4.3.1. Performance of Different Classification Algorithms
(1) Comparison of the accuracy of VGG16, SE-VGG16, ResNet18, ResNet34, ResNet50, MobileNetV3, and EfficientNetB0 for different gestures.
In order to evaluate the performance of the SE-VGG16 WiFi gesture recognition method, the recognition accuracy of seven models, including VGG16, SE-VGG16, ResNet18, ResNet34, ResNet50, MobileNetV3, and EfficientNetB0, is compared and analyzed in this study. The results are shown in
Figure 8.
Figure 8 compares the gesture recognition accuracy of seven deep-learning models. Among these models, SE-VGG16 has the highest overall accuracy, with ResNet variants ranking closely behind. SE-VGG16’s superiority stems from its squeeze–excitation (SE) mechanism, which recalibrates channel-wise features, improving accuracy by 4.13% over VGG16. ResNet models use residual connections for better performance, but trail SE-VGG16 in some challenging scenarios. Lightweight models MobileNetV3 and EfficientNetB0 trade accuracy for computational efficiency; their depthwise separable convolutions and reduced capacity limit performance on intricate gestures. Further analysis of per-gesture accuracy reveals that SE-VGG16’s advantage is most pronounced for Enlarge/Narrow gestures, where its attention mechanism effectively isolates subtle finger movements from noise. The results collectively affirm SE-VGG16 as a state-of-the-art solution, particularly for environments requiring high precision across diverse gesture types.
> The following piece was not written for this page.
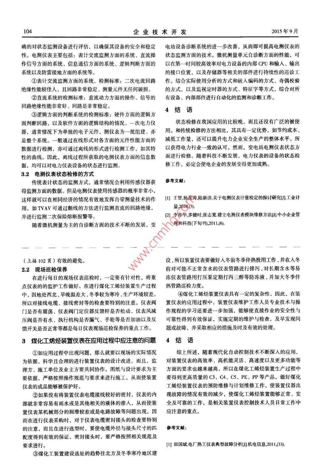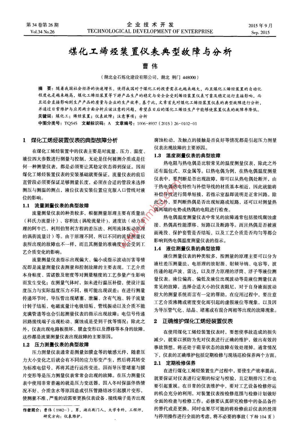 企業(yè)技術(shù)開發(fā)2015年9月第34卷第26期VolL34 No.26TECHNOLOCICAL DEVELOPMENT OF ENTERPRISESep. 2015煤化工烯烴裝置儀表典型故障與分析曹偉(湖北金石煉化建設(shè)有限公司,湖北荊門48000)i要:隨著我國(guó)社會(huì)經(jīng)濟(jì)的快速增長(zhǎng),使得我國(guó)對(duì)于堞化工的投資需求也越來越大,而且媒化工烯烴裝置的自動(dòng)化程度也是越來越高,越來越高,煤化工烯烴裝置等下游產(chǎn)品生產(chǎn)的穩(wěn)定與安全會(huì)受到烯烴裝置儀表可靠及穩(wěn)定運(yùn)行直接影響,西且還會(huì)直接影響到生產(chǎn)品的質(zhì)量與企業(yè)的生產(chǎn)效率。基于此,文章首先對(duì)煤化工烯烴裝置僅表的典型故障進(jìn)行分析,并通過日常維護(hù)與應(yīng)用兩方面分析應(yīng)該注意的問題,希望在日后的煤化工烯烴生產(chǎn)中能夠使裝置儀表的故障率降低。關(guān)鍵詞:煤化工;烯烴裝置;儀表故障;注意事項(xiàng);分析中圖分類號(hào): TQ545文獻(xiàn)標(biāo)識(shí)碼: ^文章編號(hào): 1006- 8937 (2015) 26-0102-011煤化工烯烴裝置儀表的典型故障分析腐蝕松動(dòng),及觸點(diǎn)的接觸是否良好等情況都是引起壓力測(cè)量?jī)x表出現(xiàn)故障的主要原因。在煤化工烯烴裝置中的儀表主要是對(duì)流量、壓力、溫度、1.3 溫度測(cè)量?jī)x表的典型故障液位四大參數(shù)進(jìn)行測(cè)量與控制,無(wú)論是任何被測(cè)介質(zhì)或是任熱電阻與熱電偶是比較常見的溫度測(cè)量?jī)x表,除此之外何- -種測(cè)量?jī)x表,都是必須要讓其穩(wěn)定狀態(tài)得到保證。因而還有溫包式、雙金屬等。以熱電偶為例,在熱電偶溫度測(cè)量煤化工烯烴裝置儀表的安裝基礎(chǔ)就要保證,流量?jī)x表的前后儀表中,要判斷是否出現(xiàn)故障,即可以從熱電偶處斷開,由直管段必須要保證足夠測(cè)量長(zhǎng)度,必須在合適的管段來選擇于熱電偶熱電特性與補(bǔ)償導(dǎo)線的材質(zhì)基本相近,因此就能將測(cè)壓與測(cè)溫的測(cè)點(diǎn),液位儀表安裝位置應(yīng)克服入口管線對(duì)液補(bǔ)償導(dǎo)線進(jìn)行簡(jiǎn)單短接,若指示室溫即說明是正常回路。除位的影響。此之外,要判斷熱偶是否出現(xiàn)短路或短路,還可以對(duì)測(cè)量熱1.1 流量測(cè)量?jī)x表的典型故障偶兩端的電勢(shì)或熱偶的電阻進(jìn)行檢查。流量測(cè)量?jī)x表的種類較多,根據(jù)測(cè)量原理主要有質(zhì)量法熱電偶溫度測(cè)量?jī)x表中常見的故障通常包括接線腐蝕虛(科氏力流量計(jì))、容積法(渦輪流量計(jì))、速度法(動(dòng)力原接、熱偶高性能漂移、短路以及斷路等。而且熱偶是否被液理的阿牛巴、利用伯努利方程的差壓法、利用流體振動(dòng)原理面淹沒、保護(hù)套管是否結(jié)垢,以及工藝介質(zhì)是否均勻等都會(huì)的渦街流量計(jì))等。由于原理不同,所以不同的流量測(cè)量?jī)x影響到熱電偶溫度測(cè)量?jī)x表的指示。表所出現(xiàn)的故障也不一樣, 而且其測(cè)量的準(zhǔn)確度也會(huì)受到工1.4液位測(cè)量?jī)x表的典型故障藝介質(zhì)變化的影響。液位測(cè)量?jī)x表的種類較多,按測(cè)量的原理主要可以分為流量測(cè)量?jī)x表指示出現(xiàn)偏大、偏小或指示波動(dòng)厲害等情液柱差壓測(cè)量法,電原理的放射源、射頻導(dǎo)納、電容等,波況即是流量測(cè)量?jī)x表測(cè)量和控制故障的主要表現(xiàn)。工藝介質(zhì)傳遞的超聲波、雷達(dá),以及浮力原理的浮筒、浮子等液位測(cè)本身粘度、雷諾數(shù)及密度等對(duì)測(cè)量精度的工藝參量產(chǎn)生影響量?jī)x表。液位偏高、偏低及液位出現(xiàn)波動(dòng)等是液位測(cè)量?jī)x表而發(fā)生變化;在測(cè)量氣體時(shí),如未進(jìn)行溫壓補(bǔ)償,使設(shè)計(jì)溫常見的故障,選擇合適大小的儀表阻尼,對(duì)于自身液面波動(dòng)度壓力與實(shí)際溫度壓力不同,極可能出現(xiàn)誤差;在進(jìn)行測(cè)量較大的測(cè)量系統(tǒng)而言有一定的幫助。 在應(yīng)用過程中,要注意傳遞環(huán)節(jié)時(shí),導(dǎo)壓管出現(xiàn)堵塞、 泄漏、含有氣泡、轉(zhuǎn)子流量工藝介質(zhì)沸騰或密度變化而引起的虛假液位等現(xiàn)象,以及因計(jì)轉(zhuǎn)子結(jié)垢、電磁流量計(jì)電極結(jié)垢、管線振動(dòng)以及介質(zhì)不能為導(dǎo)壓管氣化、結(jié)晶、堵塞或有混合兩相等出現(xiàn)的故障現(xiàn)象。充滿管道等也會(huì)引起測(cè)量?jī)x表的指示出現(xiàn)故障:電信號(hào)傳遞2正確維護(hù)煤化工烯烴裝置儀表回路接線端子出現(xiàn)松動(dòng)、腐蝕或是受到干擾等情況;除此之外,儀表出現(xiàn)電路板損壞、膜盒變形以及漂移等本身的故障,在使用媒化工烯烴裝置儀表時(shí),要想使事故造成的損失這些都是流量測(cè)量?jī)x表出現(xiàn)故障的主要原因。減少,就要以預(yù)防為先對(duì)儀表進(jìn)行正確的維護(hù),做出有效的1.2 壓力測(cè)量?jī)x表的典型故障事故預(yù)想,將還處于萌芽狀態(tài)的故障有效處理掉。通常情況壓力測(cè)量?jī)x表通常是測(cè)量如膜盒等的敏感元件,隨著壓下,儀表的正確維護(hù)包括定期檢修與現(xiàn)場(chǎng)巡檢保養(yǎng)兩個(gè)方面。力大小變化之后就會(huì)有不同的應(yīng)力形變產(chǎn)生,然后將其轉(zhuǎn)變2.1 定期檢修保養(yǎng

(2) Confusion Matrix of Different Gestures in SE-VGG16 Model
To further assess the SE-VGG16 model’s gesture-recognition performance, confusion matrices for office and conference room environments are analyzed. These matrices detail misclassifications among Enlarge, Narrow, Up, Down, Left, and Right gestures.
In the office environment (
Figure 9a), the SE-VGG16 model shows excellent recognition performance. The confusion matrix shows that the recognition rate of the “up” gesture is as high as 94.31%, while the “zoom in” and “zoom out” gestures with complex motion patterns also maintain a high accuracy of 93.69% and 93.56%, respectively. Despite a small number of misclassifications, the overall misclassification rate is very low, which indicates that the model can effectively distinguish the unique signal characteristics of each type of gesture and maintains stable performance even in the presence of environmental interference. In addition, in the validation of the conference room scenario (
Figure 9b), the model also performs well, with a recognition rate of 94.29% for the “down” gesture, and other gesture types also maintain a high recognition accuracy. The overall low misclassification rate fully demonstrates the robustness of the model.
The results of the confusion matrix clearly demonstrate the effectiveness of the SE-VGG16 model. It is worth noting that the signal uniformity due to the open space of the conference room and the signal variability due to the complex layout of the office have some comparative value, while the model maintains an overall high accuracy rate in different environments. This performance fully demonstrates the model’s excellent environmental adaptability and robustness characteristics.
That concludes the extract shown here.